Thanks for the info. It’s really difficult for some of us to keep up with the water problem (Delta and Central Valley), though we know there are major, long range decisions being made that will affect all of us, we don’t get much information in the local paper and media.

WE live right next to the largest body of water on the planet. I get tired of the same old tired arguement the desal is TOO expensive.

Personal Computers were too expensive, and Cell phone were TOO expensive as well.

Turn the ingenuity of the american people loose on this issue and water won’t be an issue anywhere on the planet.

Just keep the government out of it if we expect any degree of success.

The problem is that the Army Corp of Engineers has control of all navigable waterways so there is no way to get the government out of it. Same with the State as far as control of waterways. So they get to call the shots plus the EPA, Water Resources Board, Fish & Game, etc. etc. etc. Too bad we can’t go back 50 – 75 years when we could build a Golden State Bridge and the like without all the roadblocks thrown up. Sure we need government involved but darn they can be difficult and hold up progress. It is so simple that we need more water storage and there is suitable ground to do it but it will be years to get approval by the time the bureaucracy picks away at it and in the process assure their jobs.

There been some discussion about flooding some of the Delta islands as water storage which surely hasn’t been thought through.

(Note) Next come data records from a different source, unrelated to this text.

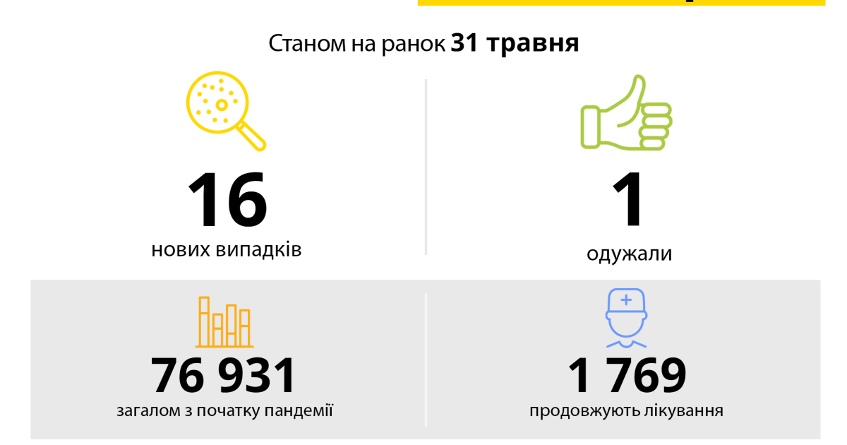 Одужали 73376 (+1) жителів області, продовжують лікування 1769 людей.
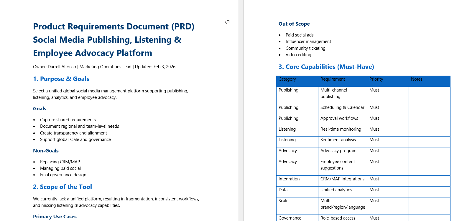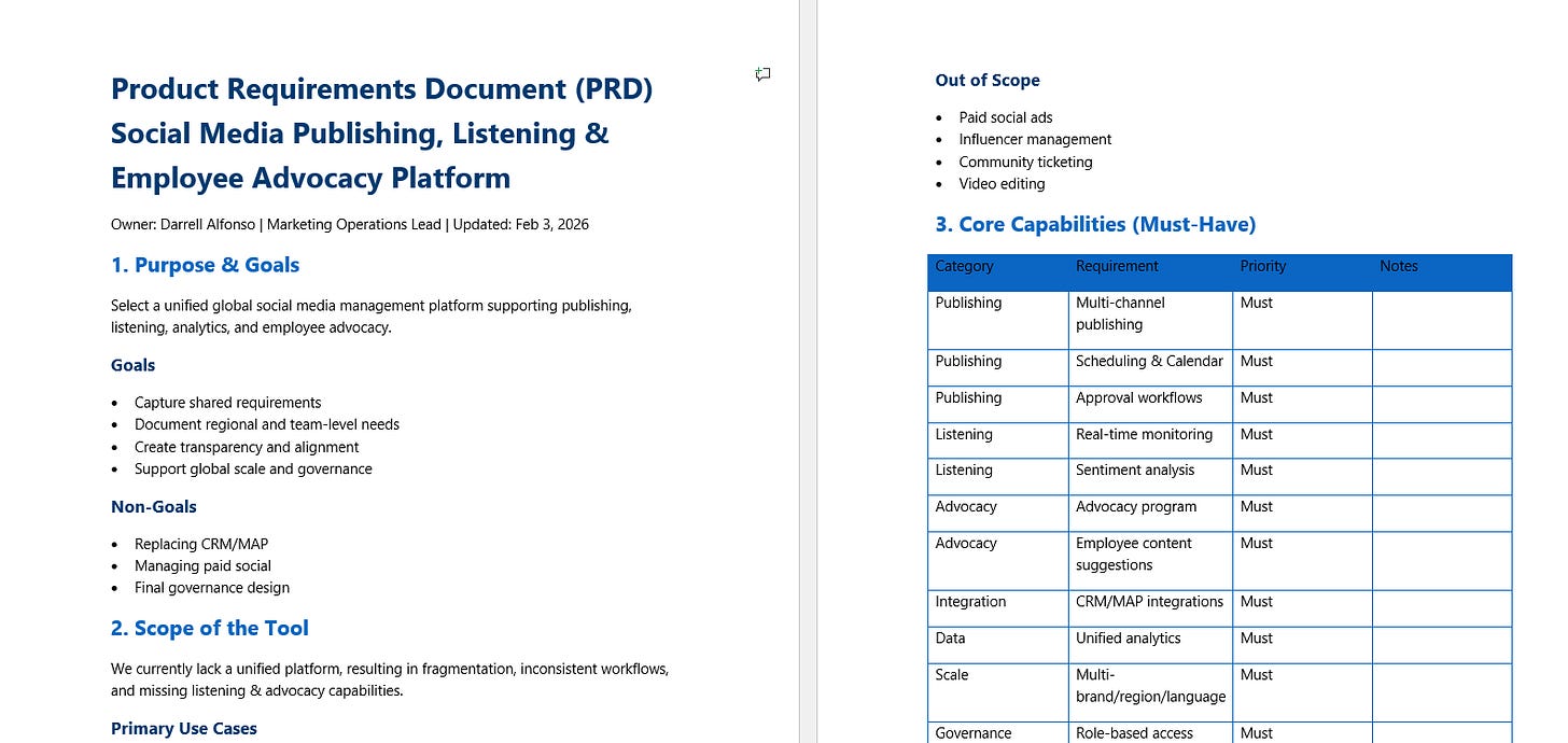 The PRD served as the playbook for vendor evaluation. Regional marketers added localized requirements. Legal and IT flagged compliance risks. Executives saw how we’d evaluate vendors and make the final decision. All in one document.
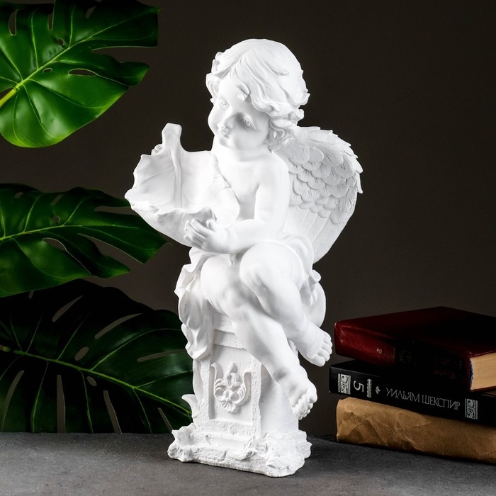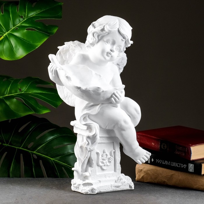 Фигура "Ангелочек с чашей" белый, 13х15х43см
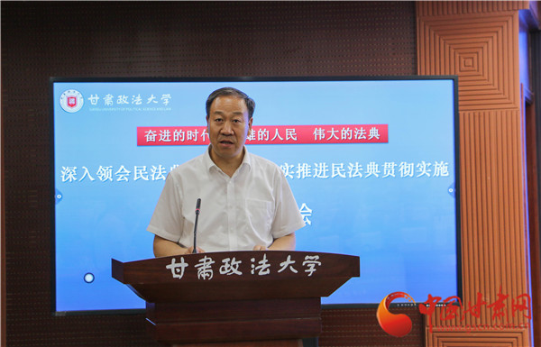 中國甘肅網(wǎng)7月9日訊 (本網(wǎng)記者 彭曉姣)7月8日,甘肅政法大學(xué)召開“深入領(lǐng)會民法典核心要義,切實推進民法典貫徹實施”理論研討會。研討會的主旨是深入貫徹落實習(xí)近平總書記關(guān)于“切實實施民法典”的重要講話精神,為甘肅省有效實施民法典、不斷完善民商事法律制度提供理論支撐。

Why flood the best soil in the state to ship to other farmers on much inferior ground and fill swimming pools in SoCal? The islands were built to hold water out, not in. So what would happen is a domino affect whereby the wave action from ever present winds from the Bay or the north (especially in the spring) against the unprotected interior of the levees will cause a break which will overpower the levee across the river causing a chain reaction. It is our biggest problem when an island goes under and the reason to get it pumped out as soon as possible.

But you have to fight California and all the boards, committees, regulations, etc. and then there is the Federal Government, EPA, etc. etc. etc. and then all the activists and good lord, nothing can ever get done, good or bad except the projects THEY want done with their cronyism. The whole thing is frustrating to say the least and it is a wonder anything gets done. Amazes me how fast the solar projects got done in C V. Goes to show you what money can still buy.